Representative point
A representative point is a point that represents a line or a polygon. The point is centrally located along the line, and centrally located or population weighted in the polygon.

Representative points are generated for block-faces, as well as for selected geographic areas - province/territory (PR), federal electoral district (FED), economic region (ER), census division (CD), census metropolitan area/census agglomeration (CMA/CA), census subdivision (CSD), population centre (POPCTR), designated place (DPL), census tract (CT), dissemination area (DA) and dissemination block (DB).

Households, postal codes and place of work data are linked to block-face representative points when the street and address information is available; otherwise, they are linked to dissemination block (DB) representative points. In some cases, postal codes and place of work data are linked to dissemination area (DA) representative points when they cannot be linked to DBs. As well, place of work data are linked to census subdivision representative points when the data cannot be linked to DAs.

Road network file
The road network file (RNF) contains roads, road names, types, directions, address ranges and road ranks for the entire country. Address ranges are dwelling-based.

Rural area
Rural areas (RAs) include all territory lying outside population centres. Taken together, population centres and rural areas cover all of Canada.

Rural population includes all population living in the rural areas of census metropolitan areas (CMAs) and census agglomerations (CAs), as well as population living in rural areas outside CMAs and CAs.

Spatial data quality elements
Spatial data quality elements provide information on the fitness for use of a spatial database by describing why, when and how the data are created, and how accurate the data are. The elements include an overview describing the purpose and usage, as well as specific quality elements reporting on the lineage, positional accuracy, attribute accuracy, logical consistency and completeness. This information is provided to users for all spatial data products disseminated for the census.

Standard Geographical Classification
The Standard Geographical Classification (SGC) is Statistics Canada’s official classification for three types of geographic areas: provinces and territories, census divisions (CDs) and census subdivisions (CSDs). The SGC provides unique numeric identification (codes) for these hierarchically related geographic areas.

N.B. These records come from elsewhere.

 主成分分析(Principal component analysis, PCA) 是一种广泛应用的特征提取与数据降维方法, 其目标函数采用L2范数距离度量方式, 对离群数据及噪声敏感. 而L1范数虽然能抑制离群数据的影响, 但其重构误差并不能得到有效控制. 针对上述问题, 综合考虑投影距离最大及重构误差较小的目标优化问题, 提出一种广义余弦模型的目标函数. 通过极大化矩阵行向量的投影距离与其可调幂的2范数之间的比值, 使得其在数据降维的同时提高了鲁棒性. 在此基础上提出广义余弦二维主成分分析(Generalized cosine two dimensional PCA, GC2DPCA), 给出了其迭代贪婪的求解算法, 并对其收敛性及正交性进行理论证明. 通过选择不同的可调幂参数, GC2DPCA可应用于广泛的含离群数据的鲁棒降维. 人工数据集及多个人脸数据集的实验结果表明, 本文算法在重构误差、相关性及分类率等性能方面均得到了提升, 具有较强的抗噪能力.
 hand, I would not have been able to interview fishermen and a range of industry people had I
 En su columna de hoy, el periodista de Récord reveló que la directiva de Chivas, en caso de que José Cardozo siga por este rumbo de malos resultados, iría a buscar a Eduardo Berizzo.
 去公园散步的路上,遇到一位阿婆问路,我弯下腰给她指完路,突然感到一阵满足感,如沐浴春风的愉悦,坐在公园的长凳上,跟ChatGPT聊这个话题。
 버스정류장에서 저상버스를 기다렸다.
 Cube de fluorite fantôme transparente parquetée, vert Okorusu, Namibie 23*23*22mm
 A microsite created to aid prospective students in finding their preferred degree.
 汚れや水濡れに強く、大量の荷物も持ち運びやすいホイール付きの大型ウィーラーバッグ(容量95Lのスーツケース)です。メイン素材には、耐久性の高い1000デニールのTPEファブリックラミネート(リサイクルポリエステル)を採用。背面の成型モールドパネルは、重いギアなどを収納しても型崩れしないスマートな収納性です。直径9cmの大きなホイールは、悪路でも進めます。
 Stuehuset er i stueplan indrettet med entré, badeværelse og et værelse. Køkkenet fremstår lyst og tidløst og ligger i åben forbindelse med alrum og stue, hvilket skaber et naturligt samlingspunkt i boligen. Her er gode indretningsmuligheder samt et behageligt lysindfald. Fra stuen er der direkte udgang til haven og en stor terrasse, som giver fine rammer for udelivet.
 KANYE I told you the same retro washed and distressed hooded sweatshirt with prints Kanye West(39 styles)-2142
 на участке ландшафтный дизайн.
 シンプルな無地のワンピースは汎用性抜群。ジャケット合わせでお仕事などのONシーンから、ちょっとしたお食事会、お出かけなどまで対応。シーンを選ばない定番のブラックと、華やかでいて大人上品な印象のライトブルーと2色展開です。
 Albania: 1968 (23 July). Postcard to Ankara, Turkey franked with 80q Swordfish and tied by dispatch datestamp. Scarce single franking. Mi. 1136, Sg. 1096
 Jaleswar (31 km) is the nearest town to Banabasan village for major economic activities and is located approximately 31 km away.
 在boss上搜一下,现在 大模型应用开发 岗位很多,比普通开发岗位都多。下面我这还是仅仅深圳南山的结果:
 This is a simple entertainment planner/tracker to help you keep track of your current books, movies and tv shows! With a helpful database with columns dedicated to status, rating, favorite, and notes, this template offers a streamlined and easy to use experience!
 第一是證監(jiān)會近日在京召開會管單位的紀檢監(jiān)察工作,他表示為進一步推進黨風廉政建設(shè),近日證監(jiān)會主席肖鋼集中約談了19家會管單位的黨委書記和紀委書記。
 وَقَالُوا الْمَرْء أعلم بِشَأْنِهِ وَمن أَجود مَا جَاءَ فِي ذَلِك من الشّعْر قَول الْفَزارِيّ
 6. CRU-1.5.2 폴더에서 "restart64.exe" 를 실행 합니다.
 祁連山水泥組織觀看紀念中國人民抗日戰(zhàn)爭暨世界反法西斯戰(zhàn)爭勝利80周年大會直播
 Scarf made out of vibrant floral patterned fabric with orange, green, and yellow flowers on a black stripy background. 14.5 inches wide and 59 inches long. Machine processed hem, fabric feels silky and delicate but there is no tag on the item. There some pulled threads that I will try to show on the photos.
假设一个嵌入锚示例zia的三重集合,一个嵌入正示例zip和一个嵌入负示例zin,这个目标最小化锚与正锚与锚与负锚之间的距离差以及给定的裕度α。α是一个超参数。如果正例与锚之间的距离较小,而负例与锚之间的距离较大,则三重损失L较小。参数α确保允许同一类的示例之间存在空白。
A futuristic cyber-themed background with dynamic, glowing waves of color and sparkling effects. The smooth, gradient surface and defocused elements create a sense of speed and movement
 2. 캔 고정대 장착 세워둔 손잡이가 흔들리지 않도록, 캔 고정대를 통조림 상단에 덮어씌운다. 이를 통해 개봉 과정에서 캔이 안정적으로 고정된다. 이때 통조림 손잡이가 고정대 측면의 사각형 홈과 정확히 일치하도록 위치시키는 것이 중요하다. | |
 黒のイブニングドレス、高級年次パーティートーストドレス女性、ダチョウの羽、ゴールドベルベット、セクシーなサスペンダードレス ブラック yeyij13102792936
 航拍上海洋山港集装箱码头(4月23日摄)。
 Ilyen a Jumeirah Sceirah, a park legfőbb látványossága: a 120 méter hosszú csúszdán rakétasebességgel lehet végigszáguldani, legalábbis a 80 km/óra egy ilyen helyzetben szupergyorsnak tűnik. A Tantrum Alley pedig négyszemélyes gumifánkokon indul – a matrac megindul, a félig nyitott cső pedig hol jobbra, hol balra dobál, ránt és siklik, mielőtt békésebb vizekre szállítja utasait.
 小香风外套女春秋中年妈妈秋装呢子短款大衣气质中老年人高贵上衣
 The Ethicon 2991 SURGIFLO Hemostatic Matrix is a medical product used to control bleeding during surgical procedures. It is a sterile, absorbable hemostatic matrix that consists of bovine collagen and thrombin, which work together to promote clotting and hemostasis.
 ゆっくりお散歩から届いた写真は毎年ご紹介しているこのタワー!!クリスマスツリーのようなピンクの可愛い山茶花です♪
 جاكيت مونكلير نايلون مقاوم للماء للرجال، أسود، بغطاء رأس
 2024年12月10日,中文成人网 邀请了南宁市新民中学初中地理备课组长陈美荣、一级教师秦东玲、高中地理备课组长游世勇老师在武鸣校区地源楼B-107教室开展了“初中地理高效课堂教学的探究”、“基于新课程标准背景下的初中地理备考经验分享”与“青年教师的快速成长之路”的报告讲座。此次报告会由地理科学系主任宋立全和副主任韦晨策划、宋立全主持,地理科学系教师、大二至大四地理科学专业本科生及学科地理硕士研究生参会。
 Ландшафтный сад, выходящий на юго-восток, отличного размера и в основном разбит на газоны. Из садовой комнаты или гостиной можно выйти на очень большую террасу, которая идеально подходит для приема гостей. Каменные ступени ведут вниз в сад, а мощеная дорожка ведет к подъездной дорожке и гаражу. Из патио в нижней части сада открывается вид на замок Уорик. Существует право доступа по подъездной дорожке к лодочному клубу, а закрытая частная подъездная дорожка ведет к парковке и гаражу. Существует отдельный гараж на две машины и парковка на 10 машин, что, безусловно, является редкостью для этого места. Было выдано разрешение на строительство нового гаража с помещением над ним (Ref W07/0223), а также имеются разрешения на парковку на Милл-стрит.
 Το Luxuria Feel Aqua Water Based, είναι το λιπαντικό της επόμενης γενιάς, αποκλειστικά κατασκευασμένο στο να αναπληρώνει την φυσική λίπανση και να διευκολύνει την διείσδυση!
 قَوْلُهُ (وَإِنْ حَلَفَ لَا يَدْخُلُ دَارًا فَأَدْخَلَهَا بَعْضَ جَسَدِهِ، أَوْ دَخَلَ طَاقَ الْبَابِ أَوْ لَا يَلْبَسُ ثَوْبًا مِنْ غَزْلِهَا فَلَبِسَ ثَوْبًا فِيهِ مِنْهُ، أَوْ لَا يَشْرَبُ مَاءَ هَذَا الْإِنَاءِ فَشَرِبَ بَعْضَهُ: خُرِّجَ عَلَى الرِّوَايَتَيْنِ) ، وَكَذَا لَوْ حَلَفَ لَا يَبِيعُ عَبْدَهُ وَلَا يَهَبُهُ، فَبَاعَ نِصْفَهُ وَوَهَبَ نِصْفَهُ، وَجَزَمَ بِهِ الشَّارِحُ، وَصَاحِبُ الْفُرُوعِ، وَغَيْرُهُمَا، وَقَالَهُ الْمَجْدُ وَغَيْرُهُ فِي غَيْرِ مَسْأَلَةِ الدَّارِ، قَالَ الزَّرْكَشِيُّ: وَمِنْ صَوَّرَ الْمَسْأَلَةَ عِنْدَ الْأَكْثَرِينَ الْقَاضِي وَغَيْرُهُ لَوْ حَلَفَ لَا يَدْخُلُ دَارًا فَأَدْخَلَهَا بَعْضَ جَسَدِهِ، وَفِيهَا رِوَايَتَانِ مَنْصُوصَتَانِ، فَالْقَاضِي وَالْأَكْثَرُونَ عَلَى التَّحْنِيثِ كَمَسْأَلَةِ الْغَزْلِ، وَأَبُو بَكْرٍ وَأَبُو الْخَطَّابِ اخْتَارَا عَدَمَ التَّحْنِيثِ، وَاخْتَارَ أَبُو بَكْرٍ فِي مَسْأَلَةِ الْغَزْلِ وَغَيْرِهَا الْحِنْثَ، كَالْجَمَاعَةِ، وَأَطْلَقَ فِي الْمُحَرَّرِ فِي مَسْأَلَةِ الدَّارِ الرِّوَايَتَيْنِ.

Statistical Area Classification
The Statistical Area Classification (SAC) groups census subdivisions according to whether they are a component of a census metropolitan area, a census agglomeration, a census metropolitan area and census agglomeration influenced zone (strong MIZ, moderate MIZ, weak MIZ or no MIZ), or the territories (Yukon, Northwest Territories and Nunavut). The SAC is used for data dissemination purposes.

Thematic map
A thematic map shows the spatial distribution of one or more specific data themes for standard geographic areas. The map may be qualitative in nature (e.g., predominant farm types) or quantitative (e.g., percentage population change).

Unique identifier
The unique identifier is a unique numerical identifier assigned to a geographic area. The unique identifier is used to identify and access standard geographic areas for the purposes of data storage, retrieval and display.